Abstract

OBJECTIVE—The purpose of this work was to determine the pattern of genes regulated by peroxisome proliferator–activated receptor (PPAR) γ coactivator 1α (PGC-1α) in human adipocytes and the involvement of PPARα and PPARγ in PGC-1α transcriptional action.

RESEARCH DESIGN AND METHODS—Primary cultures of human adipocytes were transduced with a PGC-1α adenovirus and treated with PPARγ and PPARα agonists. Variation in gene expression was assessed using pangenomic microarrays and quantitative RT-PCR. To investigate glycerol kinase (GyK), a target of PGC-1α, we measured enzymatic activity and glycerol incorporation into triglycerides. In vivo studies were performed on wild-type and PPARα^−/− mice. The GyK promoter was studied using chromatin immunoprecipitation and promoter reporter gene assays.

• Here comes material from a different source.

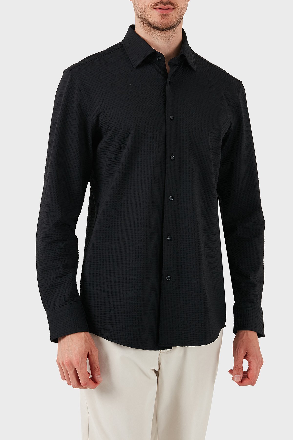 Dokulu Slim Fit Uzun Kollu Erkek Gömlek 50539858 001 SİYAH
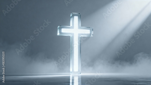 © Tina, Naklejka premium Glowing glass cross on a smoky background with dramatic lighting copy space

RESULTS—Among the large number of genes regulated by PGC-1α independently of PPARγ, new targets involved in metabolism included the gene encoding GyK. The induction of GyK by PGC-1α was observed at the levels of mRNA, enzymatic activity, and glycerol incorporation into triglycerides. PPARα was also upregulated by PGC-1α. Its activation led to an increase in GyK expression and activity. PPARα was shown to bind and activate the GyK promoter. Experiments in mice confirmed the role of PGC-1α and PPARα in the regulation of GyK in vivo.

CONCLUSIONS—This work uncovers novel pathways regulated by PGC-1α and reveals that PPARα controls gene expression in human white adipocytes. The induction of GyK by PGC-1α and PPARα may promote a futile cycle of triglyceride hydrolysis and fatty acid reesterification.